Letters to the Editor
Published December 17, 2006


Re: Traditions of Tarpon at stake, story, Dec. 13

I read St. Petersburg Times staff writer Robin Stein's well- researched and well-written article with great interest. It brought to my mind something that is a typical example of the Tarpon tradition going downhill.

One of those traditions is the Pappas' Riverside Restaurant. How could this great, very successful restaurant, known across the United States, have closed?

Being one who misses Pappas' and was a regular diner to that previous facility, I believe I can figure out why. The new owners seemed to care little about the food selection, the food quality or their service to their visitors. They also appeared to let the physical condition of the property deteriorate, with no apparent interest in keeping it up so that it would be more attractive to their clientele as a clean and neat place to have a classic Greek meal.

All of this led to poorer support and obvious loss of patronage and then to Pappas' eventual closing.

Pappas' was a wonderful landmark for Tarpon Springs. It still can be again, bringing back many who would support Tarpon's Sponge Docks, with the resulting financial ripple effect.

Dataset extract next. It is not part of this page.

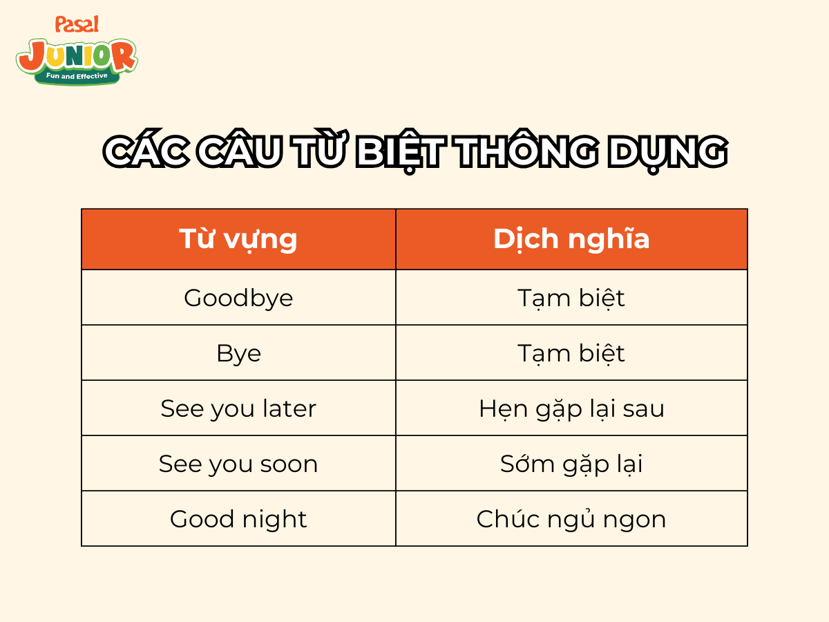 Cũng như các câu chào hỏi, cách nói từ biệt lịch sự cũng là một kỹ năng quan trọng mà trẻ cần được học. Các câu từ biệt thường dùng để kết thúc một cuộc trò chuyện hoặc chia tay trong những tình huống khác nhau.

Perhaps this wonderful institution can be brought back by the original Pappas family, if at all possible. It would then be refurbished to its original appearance and serve its delightful Greek foods. It then would be a major draw for many folks again, as before, to the Tarpon Sponge Docks. It could help tourism to flourish again in Tarpon Springs.

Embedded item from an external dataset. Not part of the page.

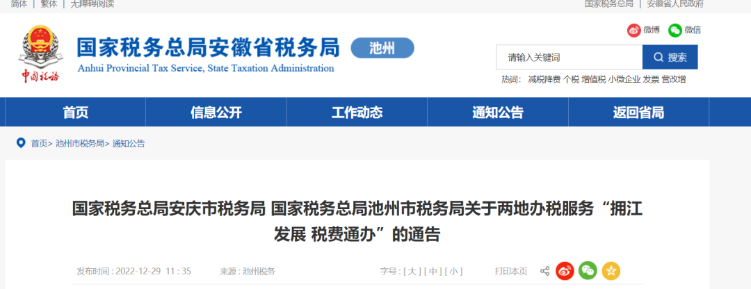 近日,為方便安徽安慶池州兩地納稅人繳費(fèi)人辦理跨區(qū)域涉稅事項(xiàng),落實(shí)安慶池州“一江兩岸擁江發(fā)展”規(guī)劃,進(jìn)一步優(yōu)化稅收營(yíng)商環(huán)境。國(guó)家稅務(wù)總局安慶市稅務(wù)局、國(guó)家稅務(wù)總局池州市稅務(wù)局發(fā)布《關(guān)于兩地辦稅服務(wù)“擁江發(fā)展稅費(fèi)通辦”的通告》。

Harold Zallis, Palm Harbor

Re: Christmas parade a disappointment, letter, Dec. 13

Skip parade or help improve it

I'm convinced it's in some people's genetic DNA to find the bad and the ugly - fast to criticize and find fault and ever so slow to render a kind word.

The city of Dunedin, in less than two weeks, held its Old Fashioned Christmas, boat parade and Christmas parade. What a monumental task!

These events are family-oriented and fun-filled for both children and adults. Best yet, with more than 60,000 people attending the three events, there were no police incidents, no arrests and no disruptive people. Now that's an accomplishment!

It takes hundreds of people to plan, coordinate and implement any one of these events, much less three. My hat goes off to the city of Dunedin, the Pinellas County Sheriff's Office, the Dunedin Boat Club, the Dunedin Merchants Association, Heritage Village and the Dunedin Historical Society for putting smiles on the faces of thousands of Pinellas residents.

As for the one individual who found fault with the parade, stay home next year or get involved and help make it better!

Bill Coleman, Dunedin

Re: Pit bull attacks teen on her bike, letter, Dec. 12

Safety of humans should come first

My letter is written because I am appalled by the leniency with which dangerous dogs are treated. Not only should dogs that turn on humans be destroyed, but the owners should be penalized too, with fines or jail or both.

The bottom line is the responsibility that the owner should feel toward the general public. Safety should be the primary consideration. If that cannot be guaranteed by the owners, then those individuals should not be permitted to have a dog.

The safety of children, the elderly and others is the first priority. Let the safety of human beings come first.